## Task item
Once you reach the line containing "emotions, be respectful;" in the entries below, write out that line and each one after it down to the line containing "Cinturones con base", exactly and with nothing added.

## Data for this task
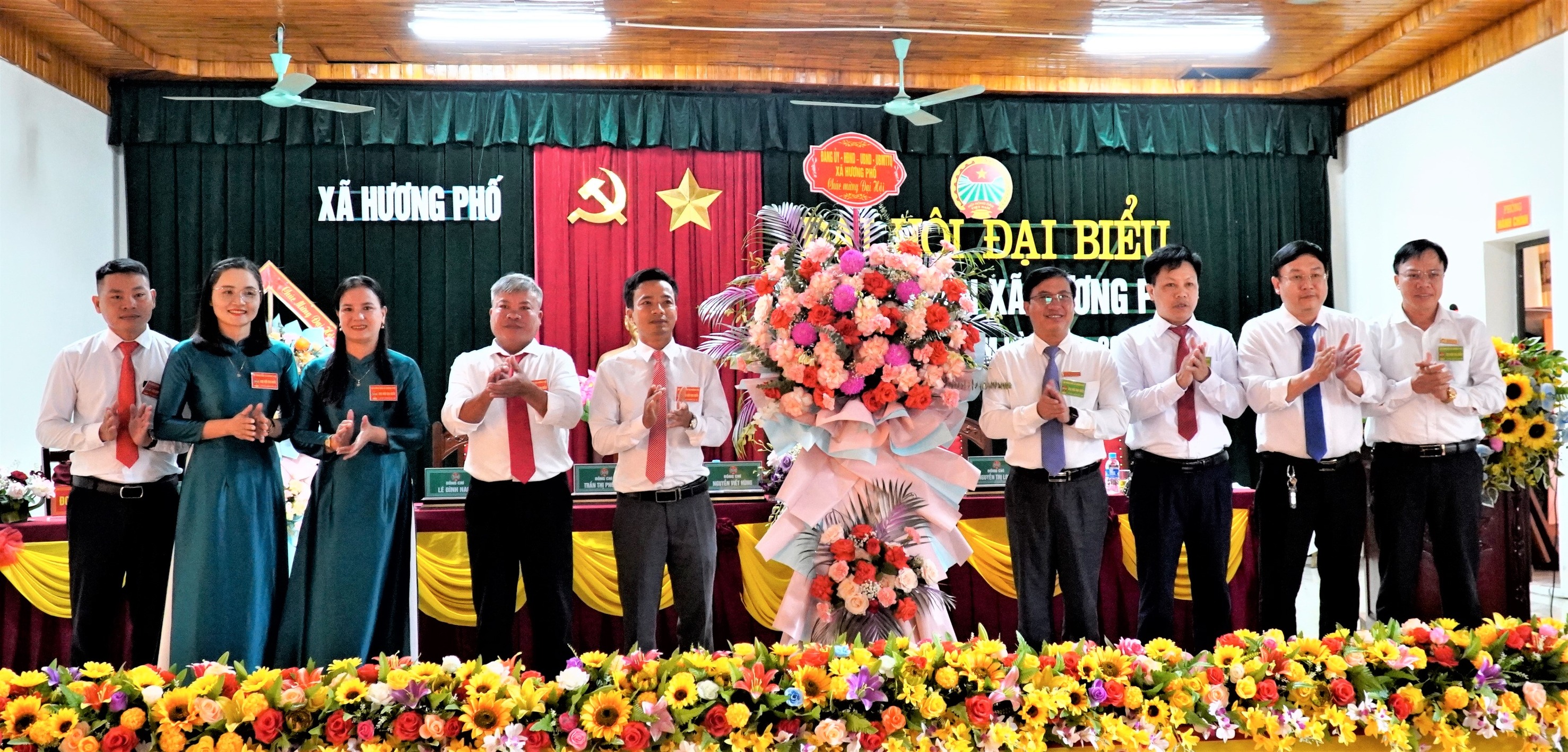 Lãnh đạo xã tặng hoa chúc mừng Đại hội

* * *

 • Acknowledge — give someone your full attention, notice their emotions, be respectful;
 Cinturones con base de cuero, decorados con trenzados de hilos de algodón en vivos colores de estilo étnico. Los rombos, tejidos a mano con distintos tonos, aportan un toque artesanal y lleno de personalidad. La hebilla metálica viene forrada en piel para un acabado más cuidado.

==

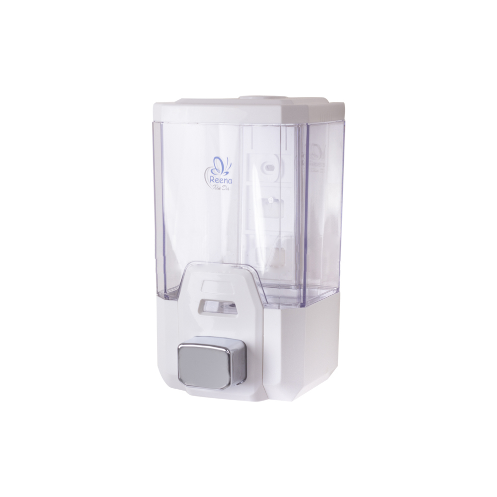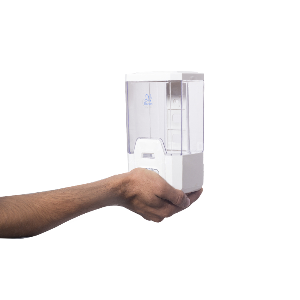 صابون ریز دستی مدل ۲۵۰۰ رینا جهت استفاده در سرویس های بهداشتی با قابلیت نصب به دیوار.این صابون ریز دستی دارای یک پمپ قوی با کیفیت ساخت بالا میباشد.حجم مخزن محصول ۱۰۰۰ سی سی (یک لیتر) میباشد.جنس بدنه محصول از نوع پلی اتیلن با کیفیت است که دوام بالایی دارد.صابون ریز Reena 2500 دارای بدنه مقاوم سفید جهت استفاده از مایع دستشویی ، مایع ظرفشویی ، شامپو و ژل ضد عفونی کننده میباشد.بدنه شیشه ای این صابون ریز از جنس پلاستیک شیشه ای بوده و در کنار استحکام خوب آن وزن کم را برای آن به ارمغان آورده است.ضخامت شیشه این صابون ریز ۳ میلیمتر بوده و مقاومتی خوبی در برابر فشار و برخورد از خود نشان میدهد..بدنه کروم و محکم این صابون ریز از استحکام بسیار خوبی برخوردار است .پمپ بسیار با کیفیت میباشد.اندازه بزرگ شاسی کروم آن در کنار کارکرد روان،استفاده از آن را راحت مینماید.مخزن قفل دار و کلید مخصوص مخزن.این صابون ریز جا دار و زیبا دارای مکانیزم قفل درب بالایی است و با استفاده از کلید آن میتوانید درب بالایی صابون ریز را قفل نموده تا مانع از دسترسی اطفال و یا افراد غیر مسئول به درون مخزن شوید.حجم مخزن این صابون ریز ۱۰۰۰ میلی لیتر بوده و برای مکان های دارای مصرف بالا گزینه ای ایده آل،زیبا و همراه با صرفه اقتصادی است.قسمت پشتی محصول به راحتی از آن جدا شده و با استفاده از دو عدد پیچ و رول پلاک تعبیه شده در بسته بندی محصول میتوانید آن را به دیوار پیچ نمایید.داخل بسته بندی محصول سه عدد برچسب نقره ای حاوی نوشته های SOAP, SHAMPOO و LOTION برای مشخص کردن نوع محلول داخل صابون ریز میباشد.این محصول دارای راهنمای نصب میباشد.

## Solution to the problem
 • Acknowledge — give someone your full attention, notice their emotions, be respectful;
 Cinturones con base de cuero, decorados con trenzados de hilos de algodón en vivos colores de estilo étnico. Los rombos, tejidos a mano con distintos tonos, aportan un toque artesanal y lleno de personalidad. La hebilla metálica viene forrada en piel para un acabado más cuidado.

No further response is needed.